System of Rice Intensification...

Worried about rice productivity not keeping up with the population growth, I found this wonderful news. An innovative method developed in the African country Madagascar offers a way out. Called the System of Rice Intensification (sri), the method was developed by a Jesuit priest Henri de Laulani in the 1980sNorman Uphoff bought the method into limelight. This scientist from the Cornell Institute for Food, Agriculture and Development, usa, stumbled upon sri while doing research in Madagascar. 

Today sri is practised in 20 countries, including India. It has four components: soil fertility management, planting method, weed control, and water (irrigation) management. Several field practices have been developed around these components. The key ones are: soil nutrient management through adequate farmyard manure application, transplanting young seedlings (8 to 12 days old), transplanting with soil clump (along with seed) and regular weeding and protective irrigation to keep soil wet without flooding. Rice grown this way has larger root system and yields are almost double that of the conventional crops. The secret is that rice plants do best when a young plant is transplanted carefully in an area 25 cm long and 25 cm wide. This area is larger than that conventionally allocated to rice plants, but it ensures rice roots grow larger on soil kept well aerated with abundant and diverse soil micro-organisms. 

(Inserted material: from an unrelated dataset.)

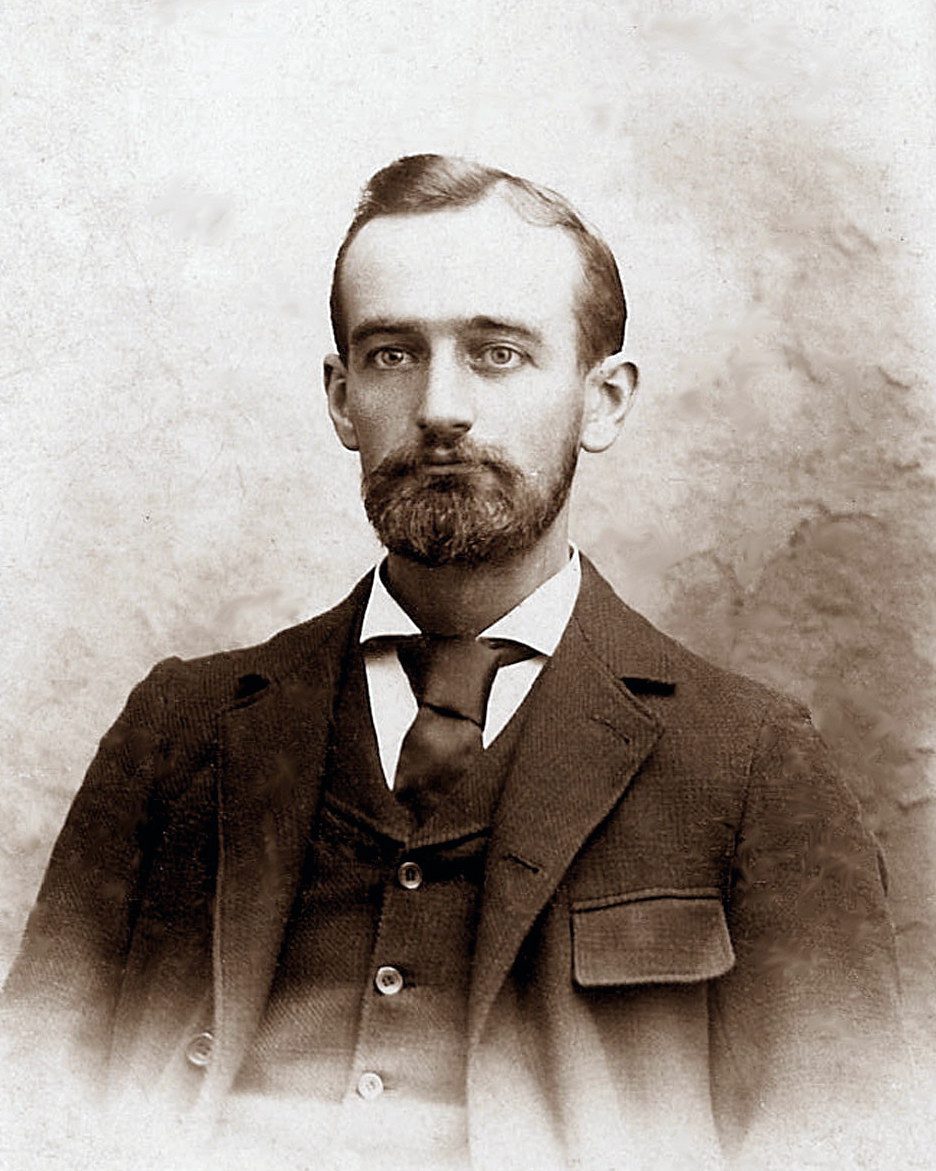 Photo of Frederick (Friedrich) Trump

But what about standing water requirements? Standing water only arrests weed growth; it has no other beneficial impact on rice plants. In the sri system, meticulous weeding ensures pests do not intrude in to the plant area. 

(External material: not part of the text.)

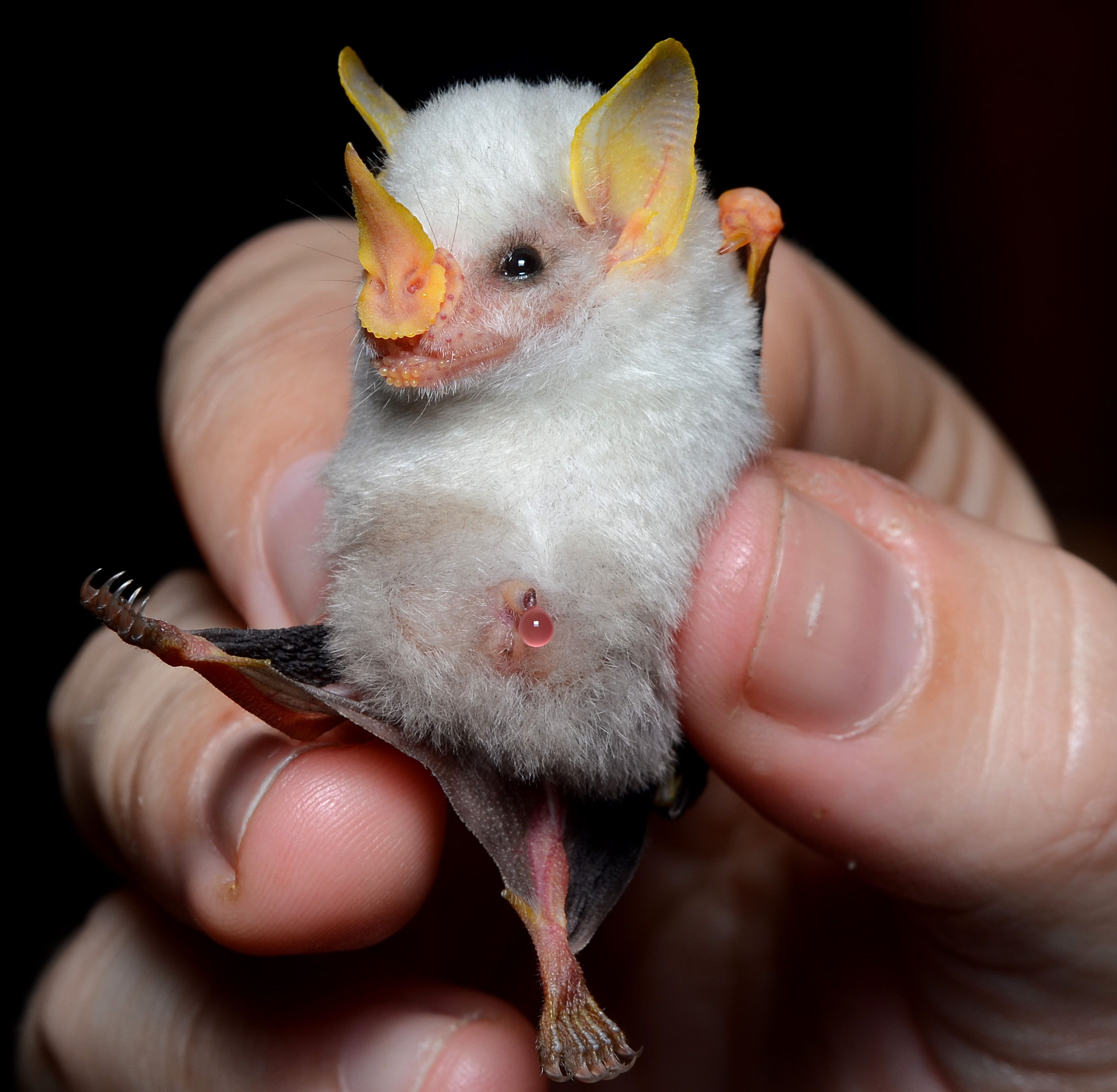 A Honduran tent bat mist-netted at La Selva Biological Station, Heredia, Costa Rica

Water conservation Studies have shown sri requires 30 to 60 per cent less water when compared to conventional cultivation methods. Biksham Gujja, policy advisor, Worldwide fund for Nature International, Switzerland remarks, "For a state like Andhra Pradesh this means a lot. The state cultivates rice in around 3.8 million ha consuming about 30 cubic km of water, annually. Adopting sri will save 10 cubic km of water, even by conservative estimates. That means Andhra Pradesh can redefine its priorities on using water." 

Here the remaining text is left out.